Given any fixed matrix S, the objective function in (2) w.r.t. W^(v) is defined over a Hilbert space ℋ. If (2) has a minimizer w.r.t. W^(v), it admits a linear representer theorem of the form W^(v) = P^(v)X^(v)⊤, where P^(v) ∈ ℝ^K×N is the coefficient matrix.

According to (Dinuzzo and Schölkopf 2012), the proof of Theorem 1 is straightforward due to the decoupled property for each model ${\mathbf{w}}_c^{(v)}$. By introducing kernel mapping with Representer Theorem, we have $\mathrm{\Phi }({\mathbf{X}}^{(v)})=[\varphi ({\mathbf{x}}_1^{(v)}),\cdots ,\varphi ({\mathbf{x}}_N^{(v)})]$ with ϕ(·) mapping the original feature x^(v) to ϕ(x^(v)), and accordingly, we have W^(v) = P^(v)Φ(X^(v))^⊤. For simplicity, we use the same ϕ(·) for different views. Therefore, based on (2) the objective function turns out to be

$$\underset{\mathbf{S},{\mathbf{P}}^{(v)},\stackrel{\sim }{{\mathbf{K}}^{(v)}}}{min}\frac{1}{2}{\Vert \mathbf{SZ}-\mathbf{Y}\Vert }_F^2+\underset{{\mathcal{R}}_1:\text{Feature-mapping}\text{Regularization}}{\underbrace{\frac{\gamma }{2}\sum _{v=1}^V{\Vert {\mathbf{P}}^{(v)}\mathrm{\Phi }{({\mathbf{X}}^{(v)})}^{\top }\Vert }_F^2}}+\underset{{\mathcal{R}}_2:\text{Model}\text{Regularization}}{\underbrace{\frac{\eta }{2}{\Vert \mathbf{S}\Vert }_F^2}}.$$ (3)

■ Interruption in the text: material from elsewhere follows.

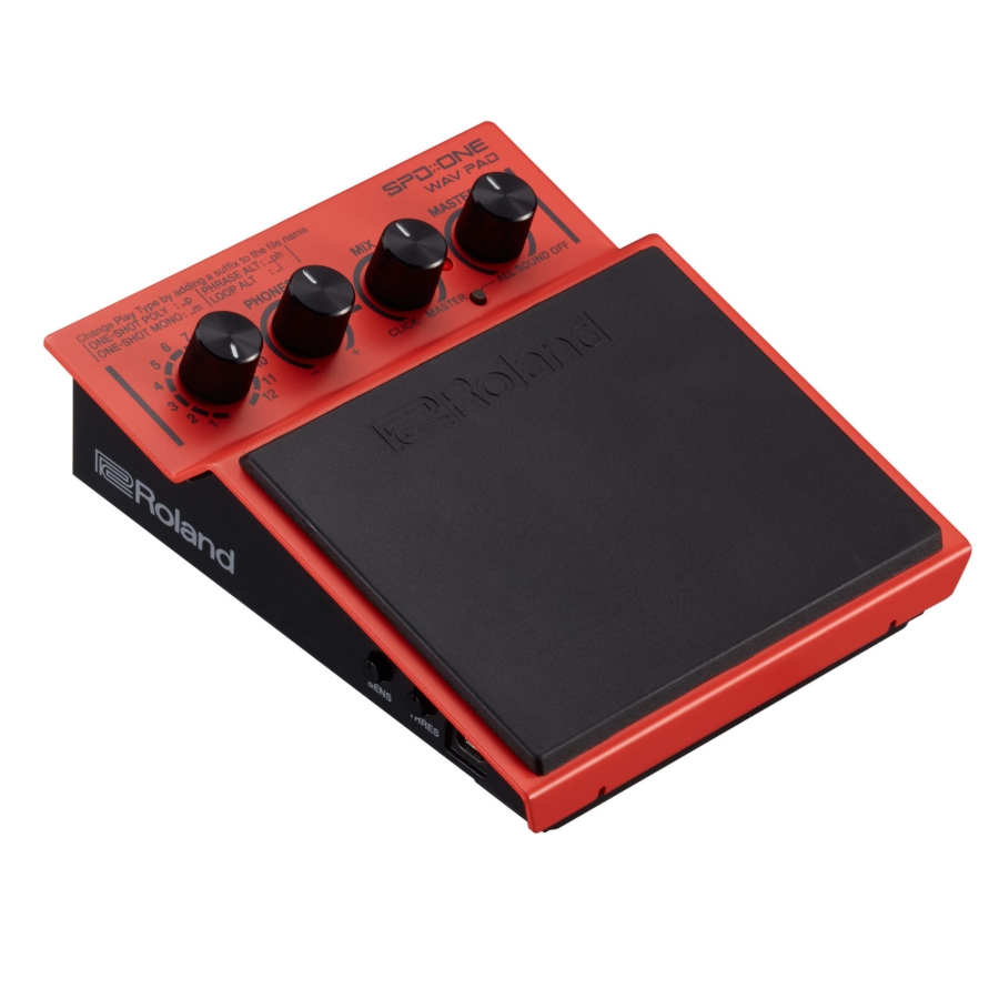 De Roland SPD::ONE WAV PAD is een gloednieuwe digitale percussiepad, die het voor muzikanten mogelijk maakt om met hun eigen sounds en samples te performen. Geluidsbestanden importeren is heel simpel: verbind de SPD::ONE WAV PAD met een PC of Mac en sleep je WAV-bestanden naar de externe drive die op je computer verschijnt. Het maakt niet uit of je nu op zoek bent naar complete begeleidingstracks of enkelvoudige samples: op enkele seconden tijd zijn je sounds ingeladen en speelklaar. Eenmaal je klaar bent met inladen, kan je de robuuste maar aanslaggevoelige pad bespelen met sticks, handen of voeten. De trigger treshold-instellingen kunnen makkelijk aangepast worden met intuïtieve bedieningsknoppen.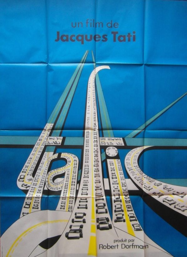 Original 1971 grande country of origin movie poster to promote the French comedy classic ‘Traffic’ by Jacques Tati

Since we aim to explore the correlations among different views using a tensor structure instead of directly concatenating each type of features, there is one important issue that we need to take care of. Specifically, we should note that the data from different views (e.g., different modalities of medical imaging data) often have different dimensionalities, while we have to arrange them into a single tensor with fixed dimensionality for all of them. Thanks to the advantages of the kernel technique, our objective function could naturally resolve the mentioned issues and explore the high-order correlations among multiple views as follows:

$$\begin{gathered} \underset{\mathbf{S},{\mathbf{P}}^{(v)},\stackrel{\sim }{{\mathbf{K}}^{(v)}}}{min}\frac{1}{2}{\Vert {\mathcal{P}}_O(\mathbf{SZ}-\mathbf{Y})\Vert }_F^2 \\ +\underset{{\mathcal{R}}_3:\text{High-order}\text{correlation}}{\underbrace{\alpha {\Vert \stackrel{\sim }{\mathcal{K}}\Vert }_{\ast }+\frac{\beta }{2}{\Vert \mathcal{K}-\stackrel{\sim }{\mathcal{K}}\Vert }_F^2}} \\ +\underset{{\mathcal{R}}_1:\text{Feature-mapping}\text{Regularization}}{\underbrace{\frac{\gamma }{2}\sum _{v=1}^V{\Vert {\mathbf{P}}^{(v)}\stackrel{\sim }{\mathrm{\Phi }{({\mathbf{X}}^{(v)})}^{\top }}\Vert }_F^2}}+\underset{{\mathcal{R}}_2:\text{Model}\text{Regularization}}{\underbrace{\frac{\eta }{2}{\Vert \mathbf{S}\Vert }_F^2}} \\ s.t.\mathcal{K}=\mathcal{T}({\mathbf{K}}^{(1)},\dots ,{\mathbf{K}}^{(V)}),\stackrel{\sim }{\mathcal{K}}=\mathcal{T}(\stackrel{\sim }{{\mathbf{K}}^{(1)}},\dots ,\stackrel{\sim }{{\mathbf{K}}^{(V)}}), \\ \mathbf{Z}=[{\mathbf{Z}}^{(1)};\cdots ;{\mathbf{Z}}^{(V)}]\text{and}{\mathbf{Z}}^{(v)}={\mathbf{P}}^{(v)}\stackrel{\sim }{{\mathbf{K}}^{(v)}}, \end{gathered}$$ (4)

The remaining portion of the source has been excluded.